For prime $p$ coprime to $10$ you have by Fermat's little theorem
that $p ~| ~[(10)^p - 1].$
This means that there exists an integer of the form
$d_{p-1}(10)^{p-1} + d_{p-2}(10)^{p-2} + \cdots + d_0(10)^0$
where
$d_{p-1}, d_{p-2}, \cdots d_0 \in \{0,1,\cdots, 9\}$
such that
$\displaystyle \frac{1}{p} = \frac{d_{p-1}(10)^{p-1} + d_{p-2}(10)^{p-2} + \cdots + d_0(10)^0}{(10)^p - 1}.$
Further, any fraction of the form
$\displaystyle \frac{d_{p-1}(10)^{p-1} + d_{p-2}(10)^{p-2} + \cdots + d_0(10)^0}{(10)^p - 1}$
will have a decimal representation of
$0.\overline{d_{p-1}~d_{p-2}~\cdots~d_0}.$
Therefore, for any prime $(p)$ coprime to $(10)$, the (infinite) decimal representation of $(1/p)$ will either have a period of $(p - 1)$, or a period of $k$, where $k$ divides $(p-1)$.
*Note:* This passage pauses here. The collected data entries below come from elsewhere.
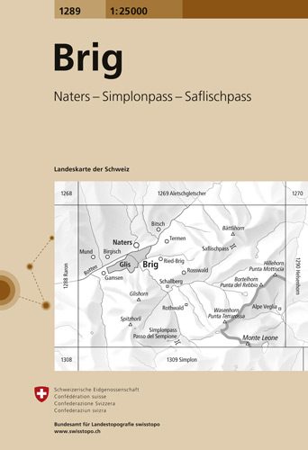 Wandelkaart Brig - Wallis Zwitserland - Swisstopo Productomschrijving: Kaart 1289 - Gelegen tegen het Honegga Forest, op de Zwitserse Franse grens, nabij Landschaftspark Binntal. Detail:...
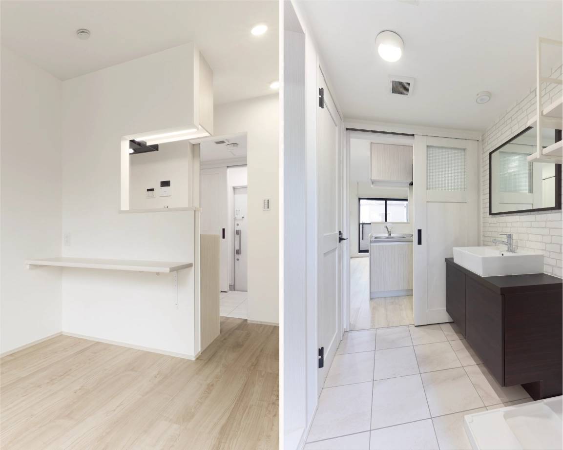 たっぷり収納できる大きめのクローゼットや食事スペースとしても使える対面キッチン前のカウンターテーブル、料理のバリエーションを増やせる2口ガスコンロやグリルなど楽しく一人暮らしのスペースを有効に使えるアイデアが満載です。動線に配慮した使い勝手の良い収納スペースを完備した洗面所は白いレンガ調の壁紙で室内にエレガントさを与えてくれます。また玄関にある框の洋風引き戸によりプライベート空間を十分に確保できます。
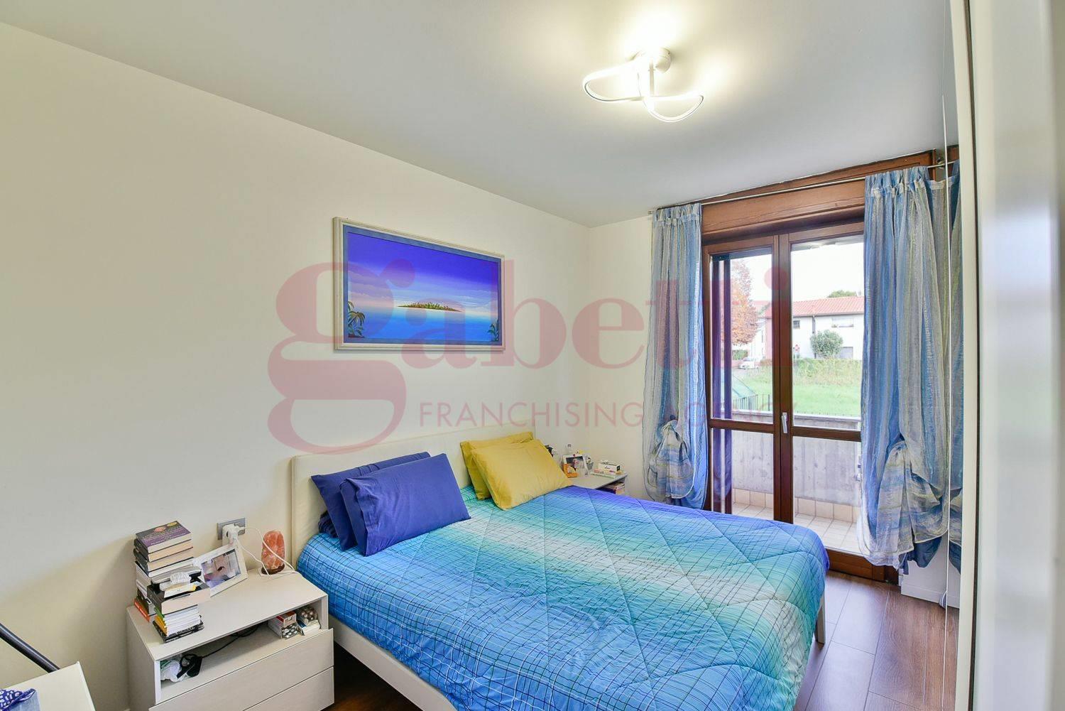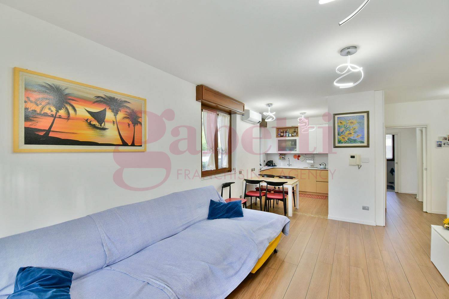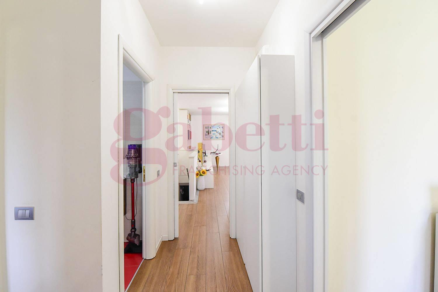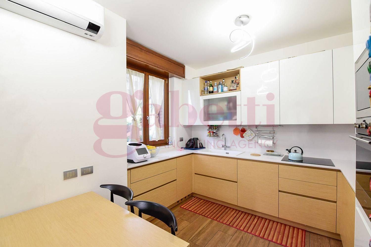 L’abitazione gode di ingresso indipendente dal giardino ed è composta da un ampio soggiorno con cucina a vista con affaccio su un terrazzino, disimpegno, due camere da letto di cui una con balcone e doppi servizi finestrati.
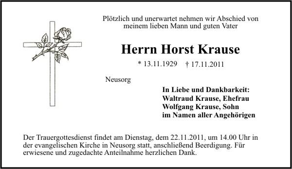 Der Trauergottesdienst findet am Dienstag, dem 22.11.2011, um 14.00 Uhr in der evangelischen Kirche in Neusorg statt, anschließend Beerdigung. Für erwiesene und zugedachte Anteilnahme herzlichen Dank.
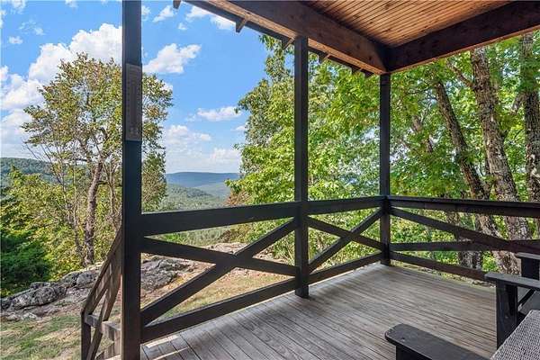 Looking for end of road privacy, peace and tranquility? You will find it here. Skyfall sits on 378 acres of mountain top views, forest, bluffs, trails, waterfalls and creeks. This is one of the most unique properties in Newton County. Built in 2021, it features a main house, guest cabin, cedar barn with a bunk room upstairs, raised garden and shed, an outdoor kitchen (under construction), an equipment shed for all the toys and a back-up generator. Built on the top of the ridge, overlooking the Murray Valley and Little Buffalo River. Natural rock fireplaces, patios, and firepit along with cedar siding make this a true show place. The interiors are full of unique custom built-ins, cabinetry, drapery, high end appliances and more. No expense has been spared. You may feel like you are far away from civilization, but you are only 13 miles (26 minutes) from the quaint town of Jasper. If you are looking for quality hunting land, you will find deer, turkey, bear, wild hogs and more. See MLS remarks for more info
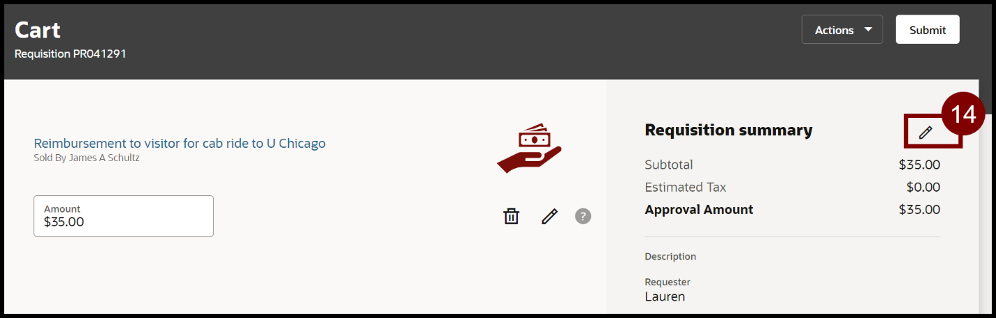 - Select the Pencil Icon to update the Requisition Summary.
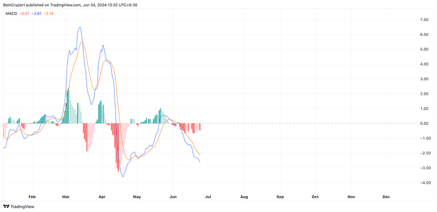 Sen liukuvan keskiarvon konvergenssi/divergenssi (MACD) -indikaattorin lukemat viittaavat tokenin arvon jatkuvan laskun mahdollisuuteen. Tämä indikaattori auttaa kauppiaita tunnistamaan mahdolliset osto- ja myyntisignaalit.
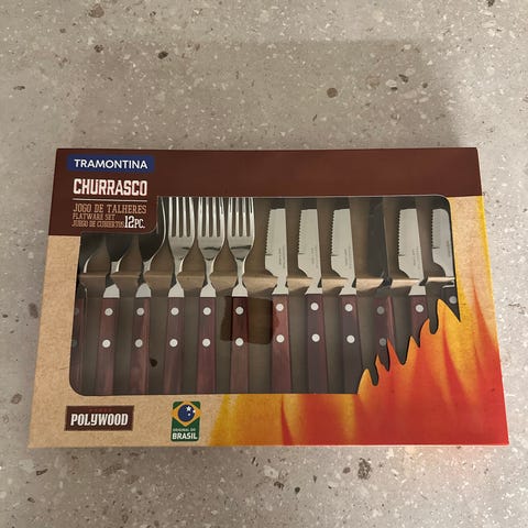 Grillgaffel och grillkniv från Tramontina. Tillverkad av polywood med aluminiumnitar och i rostfritt stål. Tål maskindisk. Priset är för ett 12-pack kniv och ett 12-pack gaffel. Önskas flera kniv och gaffel meddela mig.

The only time that the period will be $k < (p-1)$ is if
$p$ happens to divide $[(10)^k - 1]$.
$(7)$ (for example) is not a divisor of either $(99)$ or $(999)$. However, $(13)$ which you know has to be a divisor of $[(10)^{(12)} - 1]$ also happens to be a divisor of $(10^3 + 1)$.
This implies that $(13)$ is a divisor of $(10^3 + 1)(10^3 - 1) = (10^6 - 1).$
This explains why the decimal representation of $\frac{1}{13}$ has a period of $(6)$, rather than $(12)$.
Addendum
An example of an unusual way of using the above analysis is to use it to indirectly conclude that the fraction $(1/11)$ has a period of $(2)$.
This can be reasoned directly simply by noting that $11 ~| ~99.$
The (convoluted) indirect way is to notice that the period of $(1/11)$ must either be $(10)$ or a divisor $k$ of $(10)$.
Further, you know that $11 ~| ~[(10)^3 + 1].$
This implies that $11 ~| ~[(10)^6 - 1].$
This means that the period $k$ of $(1/11)$ must be a common divisor of both $(6)$ and $(10)$. This allows you to indirectly conclude that $(k) = 2.$